Safe to say he has had his fair share of difficult conversations. His advice on how to horse-trade is especially pertinent in London’s prime property market right now: “The most critical thing in a negotiation is to get inside your opponent’s head”.
London is certainly a buyers’ market right now. Whilst house price analyst LonRes reports that transaction numbers have increased by 2% in the past year, indicating buyers are inching back into the fray, average sale prices are down 5%.
This is naturally frustrating for vendors, many of whom started out with over-ambitious ideas about what they think their properties are worth and have had to trim back both their expectations and their asking prices. Others have given up on selling altogether – LonRes found that the number of homes withdrawn from sale in the capital has jumped by almost 60% in the last year.
DELICATE BUSINESS
Given the fragile sensibilities of these bruised homeowners negotiating discounts is an extremely delicate business.

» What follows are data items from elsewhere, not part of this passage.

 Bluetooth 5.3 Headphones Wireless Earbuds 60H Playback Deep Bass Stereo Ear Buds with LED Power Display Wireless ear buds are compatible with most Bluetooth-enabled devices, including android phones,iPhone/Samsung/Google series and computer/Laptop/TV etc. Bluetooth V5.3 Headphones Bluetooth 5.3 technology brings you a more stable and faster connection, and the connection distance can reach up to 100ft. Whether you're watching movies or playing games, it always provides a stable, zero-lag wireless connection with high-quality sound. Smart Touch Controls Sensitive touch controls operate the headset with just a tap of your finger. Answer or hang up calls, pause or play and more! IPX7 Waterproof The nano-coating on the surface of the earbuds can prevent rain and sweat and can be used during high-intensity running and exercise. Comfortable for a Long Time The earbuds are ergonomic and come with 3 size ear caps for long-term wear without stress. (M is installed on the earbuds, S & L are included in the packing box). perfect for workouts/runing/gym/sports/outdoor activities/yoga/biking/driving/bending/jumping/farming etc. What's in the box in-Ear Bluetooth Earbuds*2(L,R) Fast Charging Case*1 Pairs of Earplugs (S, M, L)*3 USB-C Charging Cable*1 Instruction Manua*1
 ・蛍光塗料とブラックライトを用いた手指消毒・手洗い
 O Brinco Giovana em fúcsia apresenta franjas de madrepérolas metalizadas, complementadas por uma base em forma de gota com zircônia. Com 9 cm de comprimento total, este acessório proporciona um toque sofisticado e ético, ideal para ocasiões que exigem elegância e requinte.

I always advise my clients to avoid making an insultingly lowball offer on a property they have their heart set on.
In reality, the majority of central London homeowners own their homes outright and can afford to wait for a sensible offer.

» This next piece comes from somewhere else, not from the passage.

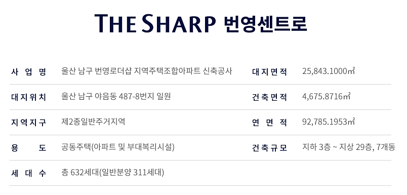 ‘더샵 번영센트로’의 건축규모는 지하 3층, 지상 최고 29층, 7개동 총 632세대이며, 이 가운데 일반분양은 311세대다. 일반에게 공급되는 세대수는 59㎡ 114세대, 75㎡92세대, 84㎡ 105세대다.
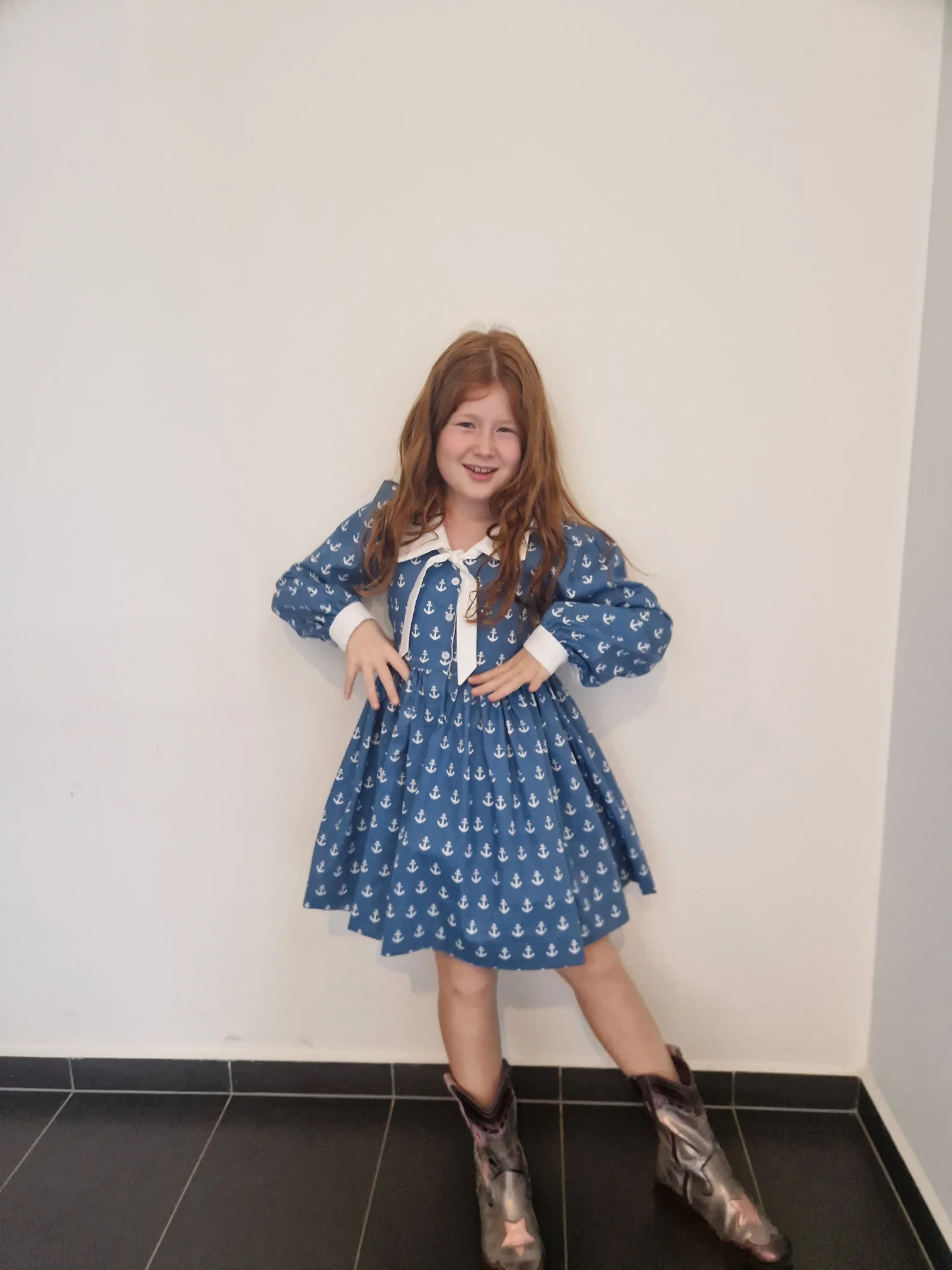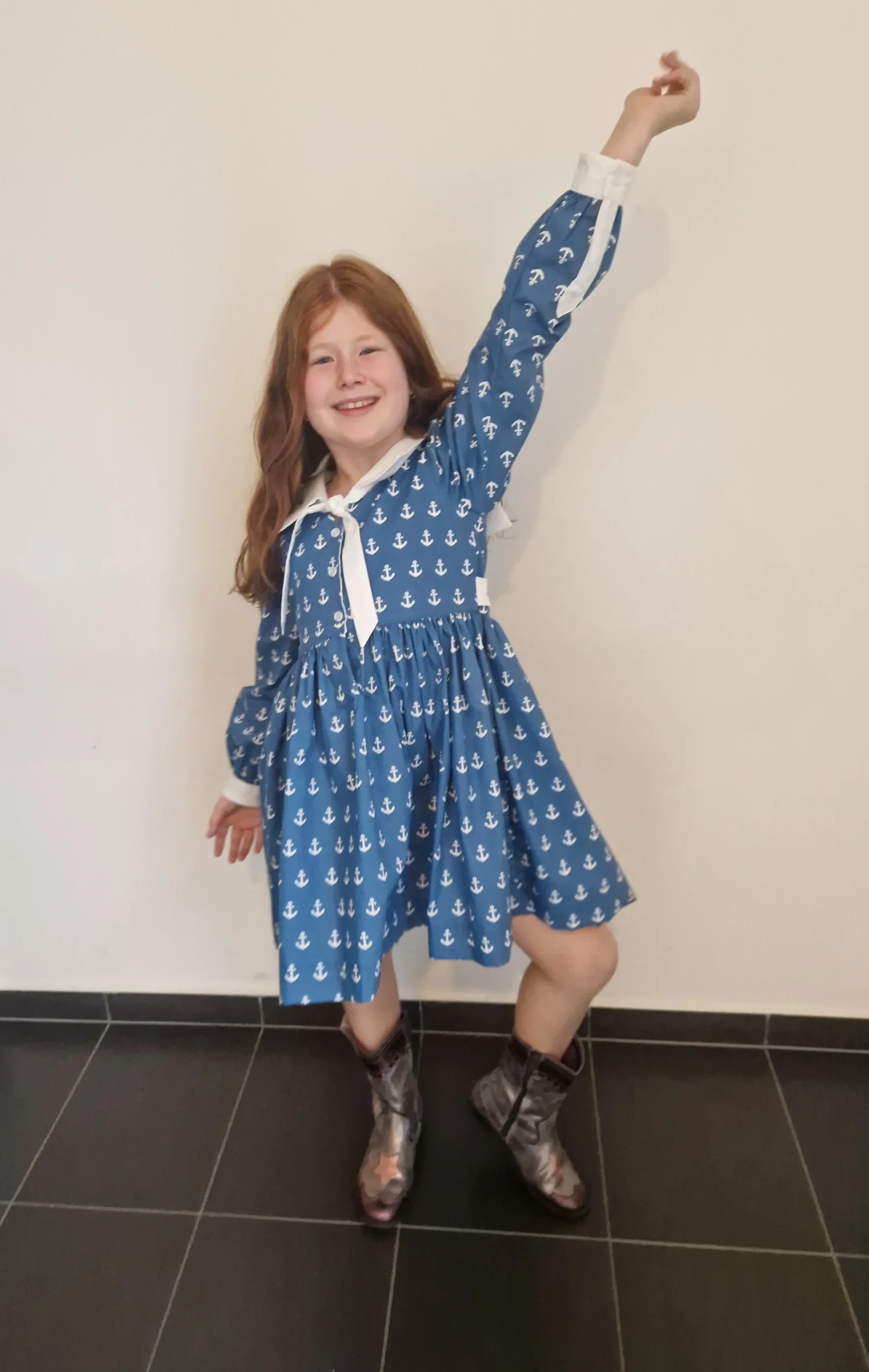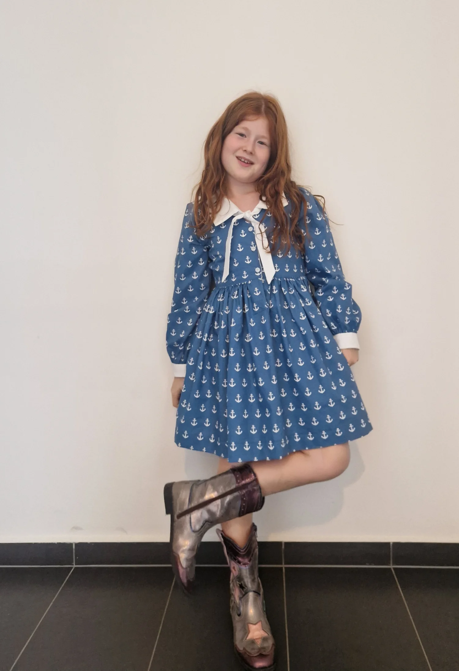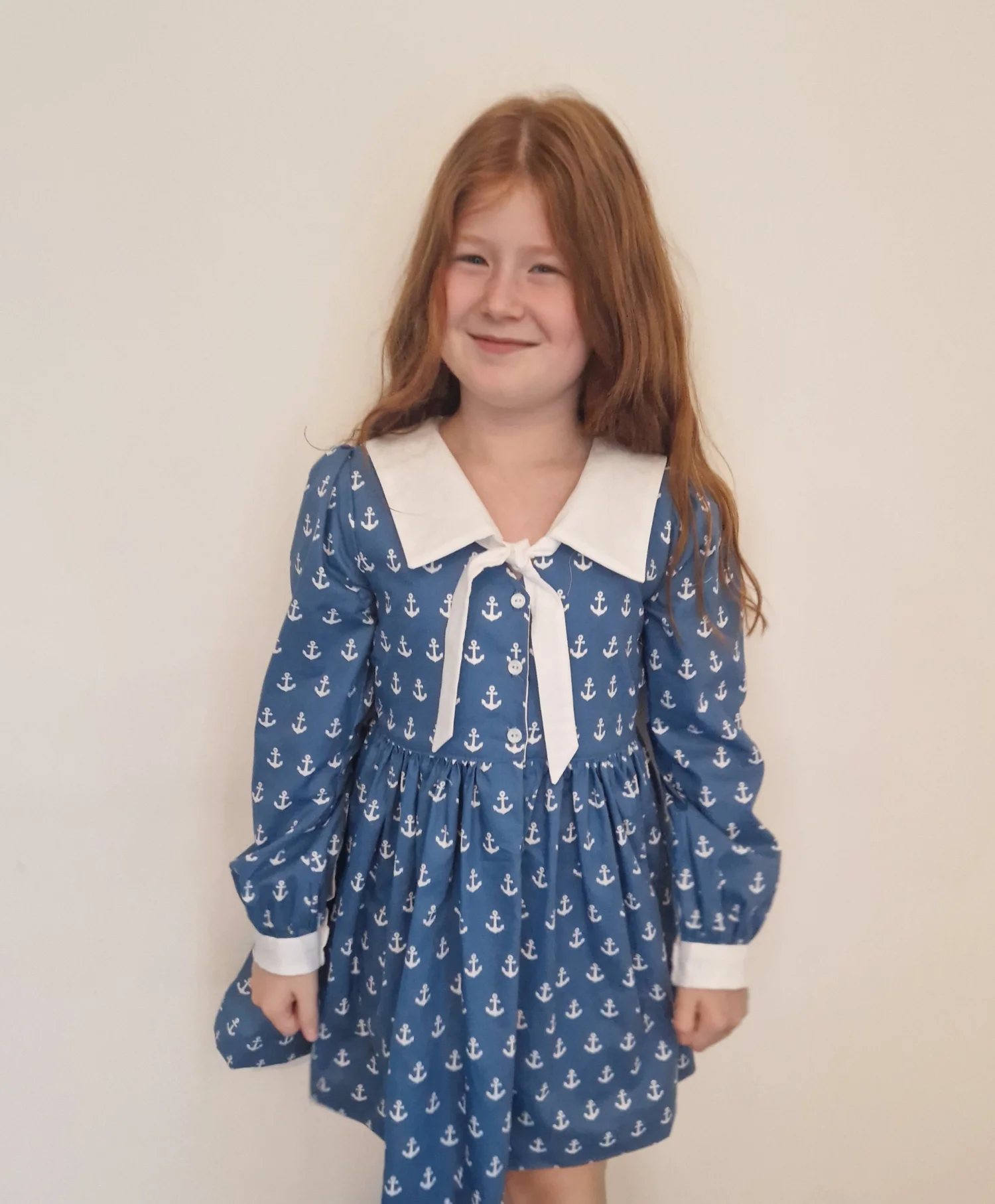 Przepiękna sukienka Katherine w marynarskim stylu. Sukienka uszyta jest z popeliny bawełnianej 100% bawełna w kolorze niebieskim w białe kotwice.

Starting off negotiations on the wrong foot can backfire. You have to think beyond just: “Is this property a really good deal?”.

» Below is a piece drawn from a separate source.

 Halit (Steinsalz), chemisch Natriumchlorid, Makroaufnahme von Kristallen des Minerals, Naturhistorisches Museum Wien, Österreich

If it is something which is rare, which really suits you, and which won’t come up all the time, then we have buyers who will decide that although a property isn’t a steal, they love it and want it, and will own it forever.

Tom Kain, a partner at Black Brick, says that the added value a buying agent brings is their ability to glean as much information about the vendor’s situation as possible, and pitching bids accordingly.
“Sometimes we will make a low offer and then just leave it on the table for a week or two,” he says. “The psychology of buying is a very delicate thing.”
A TAXING PROBLEM
Fears that the Government would impose a draconian “Mansion Tax” on high value homes put the brakes on the prime market for months as buyers awaited clarity about how much they might have to pay to own a home in London.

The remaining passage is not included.